Но личность душевнобольного тоже угнетена и подавлена, но почему-то их работы находят у меня эмоциональный отклик, а работы заключенных нет. Алексей Беломестов согласен со мной и говорит, что все дело опять же в среде, в которой создаются работы.

— Здесь принципиально разные психологические состояния. У душевнобольных нет осознания того, что они занимаются арт-терапией, это их внутренняя потребность высказаться, способ объяснить свое состояние, поэтому в их картинах столько деталей, цвета и экспериментов с формой. Они новаторы. У преступников же творчество — это, с одной стороны, указ руководства, с другой — возможность самоутвердиться. Я не говорю за всех, но процент творческих работ, то есть качественно новых, а не скопированных, достаточно мал, поэтому и художественная ценность невелика. Если проанализировать темы, которые они поднимают в стихах или прозе, то это тоска по свободе, отношение к матери, женщине, ненависть к полицейским. Подача предсказуема, а содержание часто не соответствует действительности. Они многое приукрашивают, и это нормально. К тому же это очень локальное искусство, и поэтому вам, как человеку, не сидевшему в тюрьме, темы, которые они поднимают, не близки и не понятны. Подобный материал интересен самим заключенным, специалистам, изучающим тюремную субкультуру, и психологам. Обычный человек лишь в редких случаях обратит внимание на такое творчество, — заключает психолог.

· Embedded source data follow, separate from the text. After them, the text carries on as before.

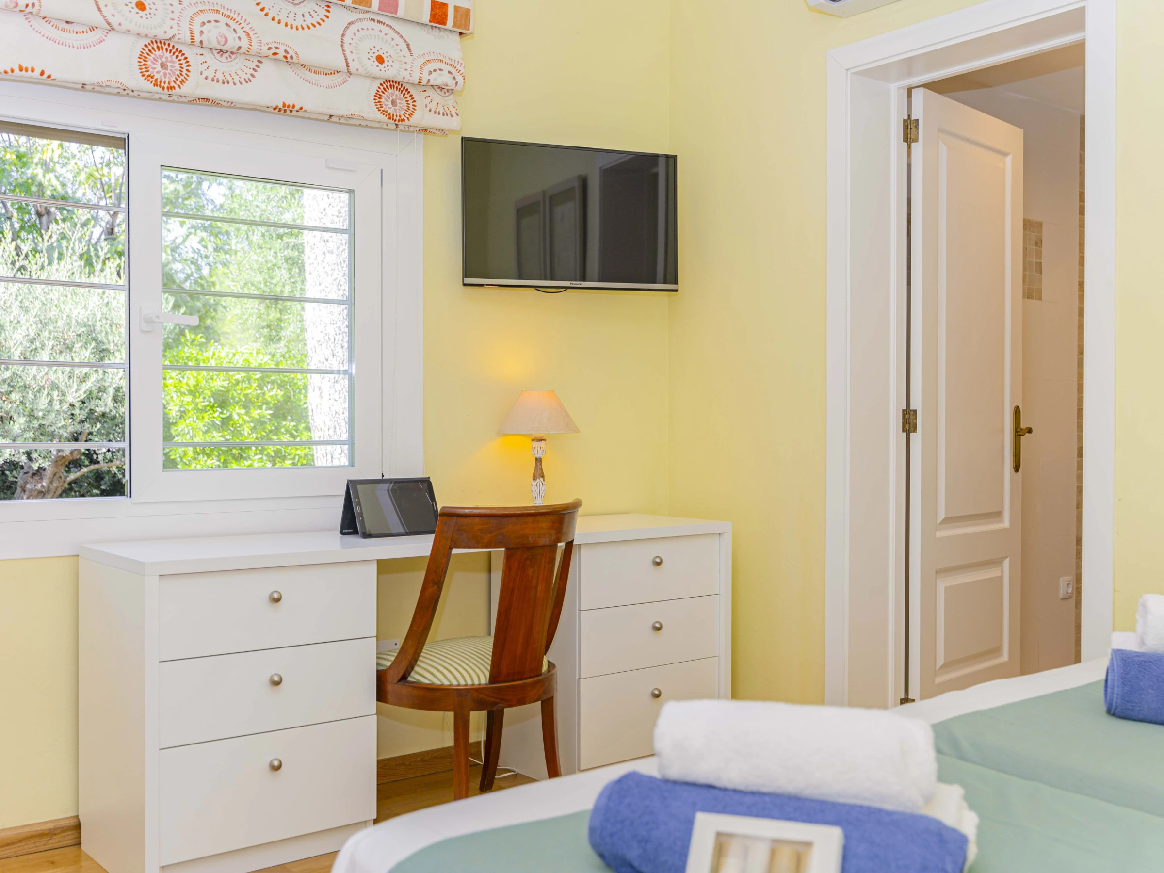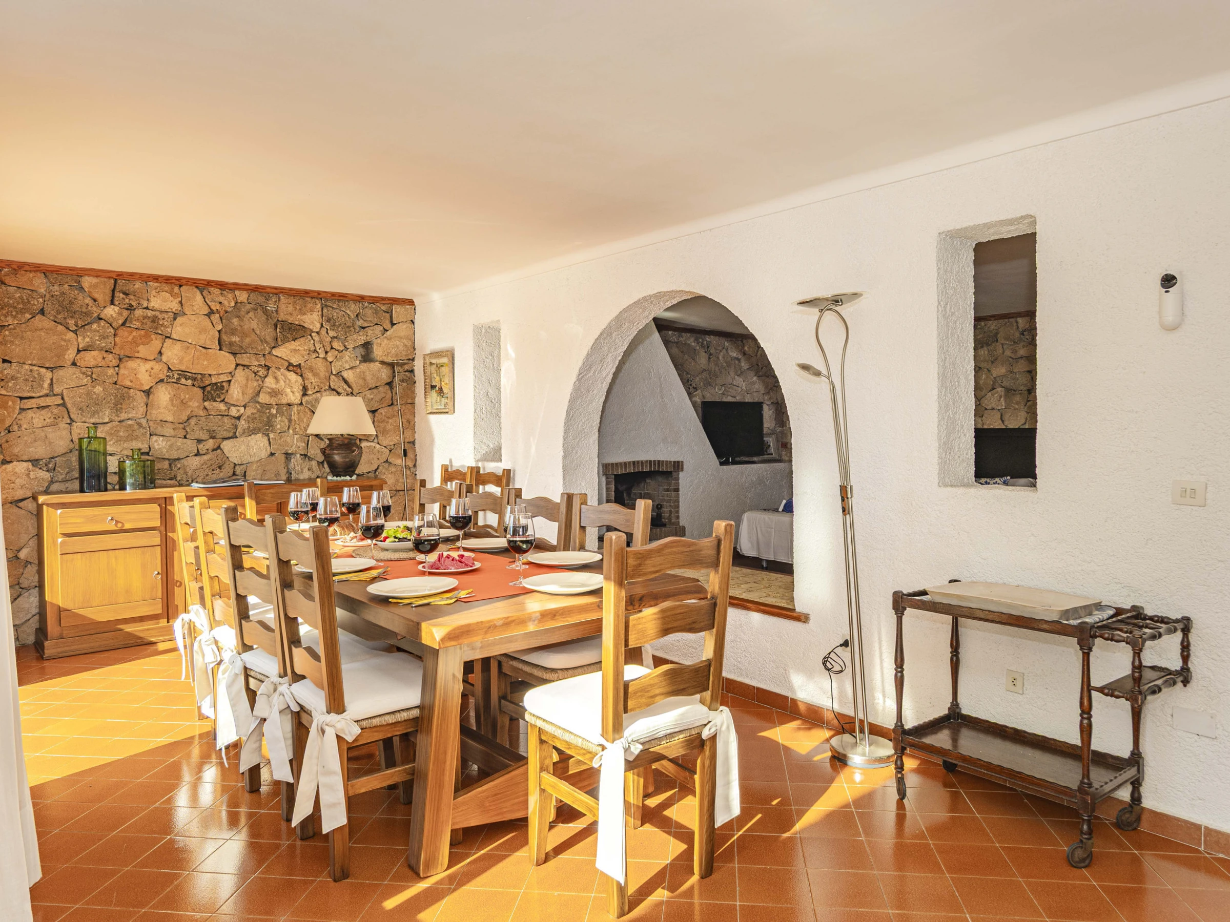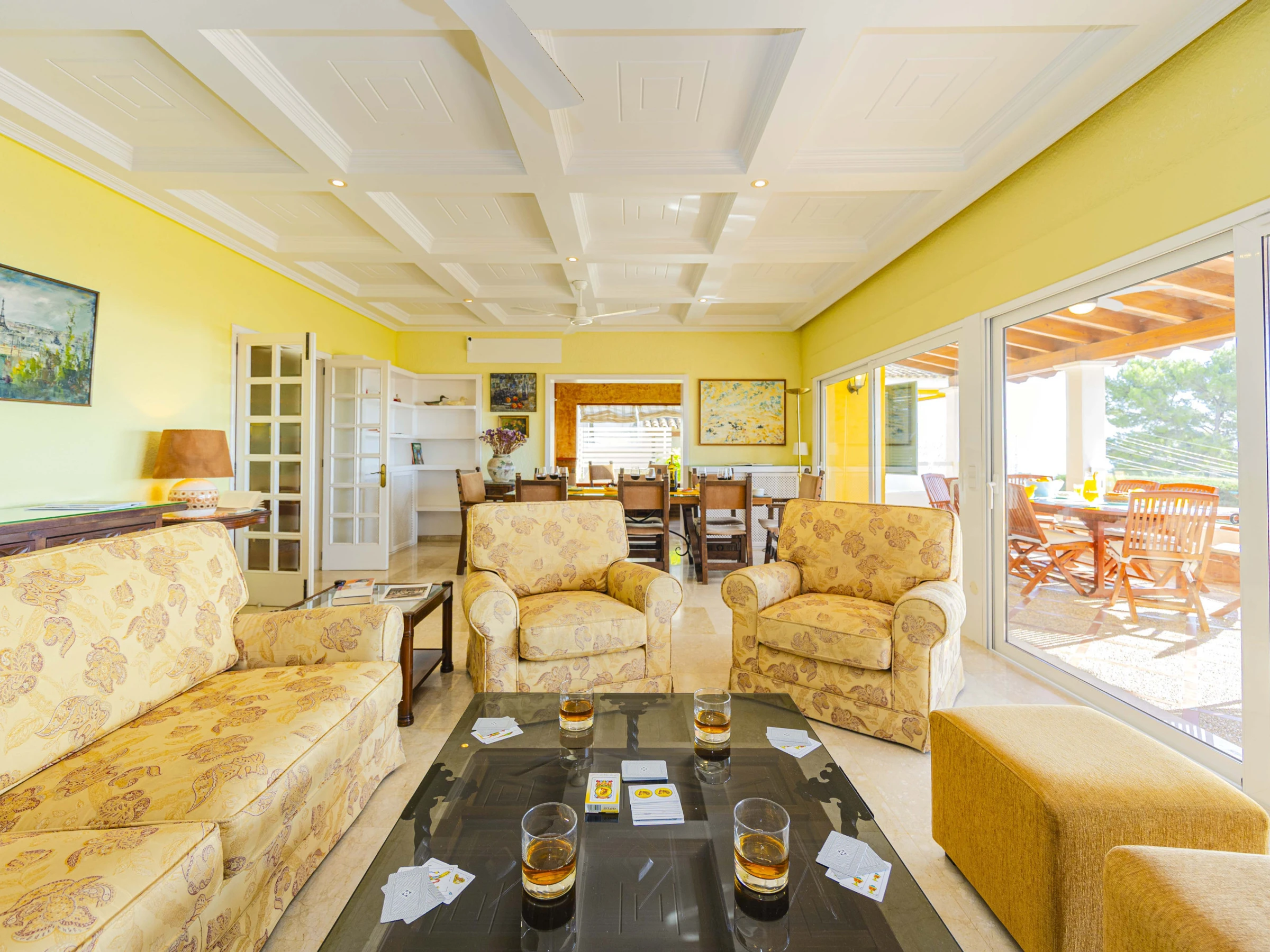 Die Villa verfügt über vier Schlafzimmer und bietet Platz für bis zu acht Personen. Sie erstreckt sich über zwei Ebenen.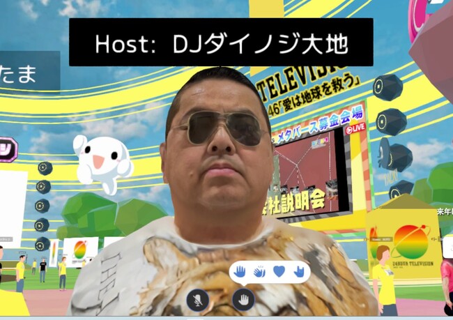 24時間テレビ本編の中継先としても機能していた会場では、そっくりアバターに扮した古坂大魔王が、テレビとメタバース会場を繋ぐリポーターとしても活躍しました。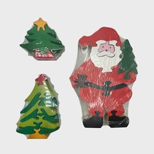 VTG Santa Claus and Evergreen Trees Lot Wood Jigsaw Puzzle Christmas Holiday Toy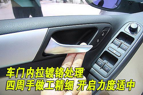 第六代高爾夫四只車門拉手都噴上了與車身同色的車漆,開啟車門時(shí)發(fā)現(xiàn)車門拉手部分做工比較細(xì)致。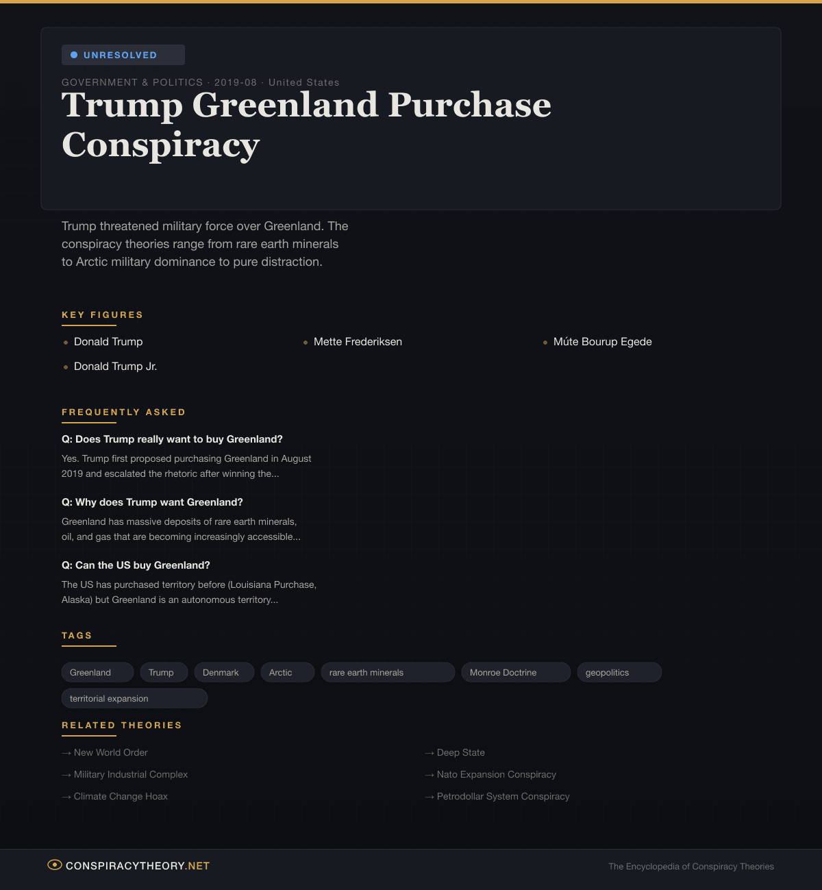 The conspiracy theories came fast and from every direction. This was a rare earth mineral heist. This was about controlling Arctic shipping lanes before China and Russia locked them down. This was the military-industrial complex extending its reach to the top of the world. This was a distraction from domestic scandals. Or maybe — and this is the part that keeps analysts up at night — it was all of those things simultaneously, a convergence of real strategic interests wrapped in the chaotic packaging of Trumpian diplomacy.

Специалисты иногда сравнивают творческие занятия в тюрьмах с воспитанием ребенка. Начинающему новую жизнь человеку через стихи, картины, спектакли объясняют, что жизнь — это не только нарушение закона, но и созидание. Если заключенный соглашается взглянуть на мир по-новому, то уже не важно, какие стихи и как он пишет. Главное, что вообще пишет, рисует, играет. А как это оценят зрители и читатели — дело второстепенное. Для катарсиса ведь уже есть Лермонтов и Ахматова, а без картины в спальне я и так проживу.

Автор статьи: Ольга ПЛЕХОВА, фото: ГУФСИН.